Click on the options button and then on the ”assume linear model” button”. We do not want the non-negative button as the variables E102:O102 might be negative.
Click on OK and then solve. Interpret solution.
2. What happens if bads have to be less than 60 and goods have to be greater than 120.
3. Go to Sheet 3 where residential status has been split into three classes “O”, “U” and the rest and the cheque guarantee card variables is also used. Repeat the process to build a scorecard using those two variables only.
Using Regression to build a scorecard by linear regression
4. Having got the variables we can use regression rather than linear programming to obtain the scores.
Return to Sheet 2.
Go to Data Analysis in the Tools menu and click on Regression.

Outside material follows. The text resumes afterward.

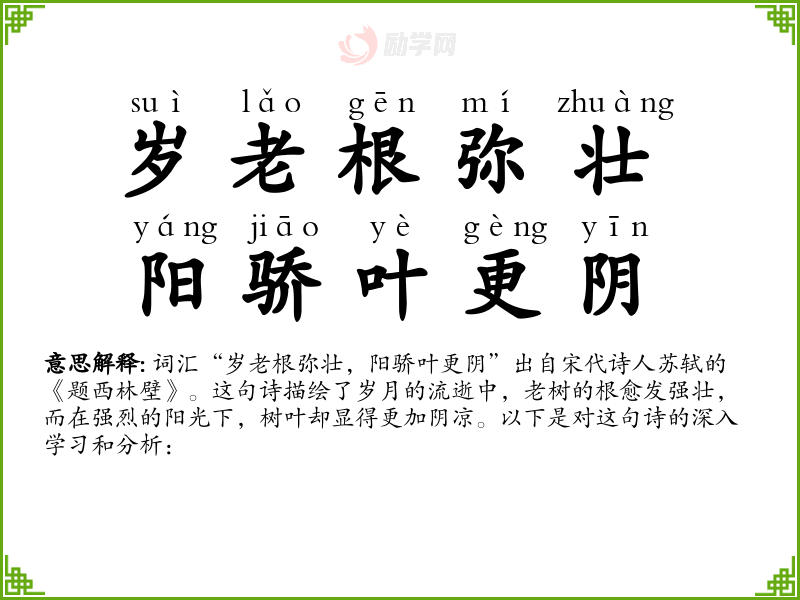 词汇“岁老根弥壮,阳骄叶更阴”出自宋代诗人苏轼的《题西林壁》。这句诗描绘了岁月的流逝中,老树的根愈发强壮,而在强烈的阳光下,树叶却显得更加阴凉。以下是对这句诗的深入学*和分析:

When the Dialogue box comes up enter ( either by typing or by highlighting) as follows
In Input Y Range D1:D101
Input X range E1:O101
Click on labels, confidence levels and residuals
Let output be in a new worksheet Then click on OK.
The result will be that
100Y= 4 +13.5(18-32) -15.5X(33-48) -44X(49-54) +10X(55 -63) + 69X(0child) +66X(1child) + 74X(2child) + 27X(B,Y) –16X(Z, no response) +17X(P,E,L)
So what score does some one born in 1948 with 2 children and occupation type B get?
What is the score for someone born in 1923 with 4 children who did not respond to the employment question?
How good a fit do you feel the scorecard is?
How do the relative scores compare with that obtained by linear programming?
5. Build a regression scorecard using the residential status and cheque guarantee card variables you have analysed
|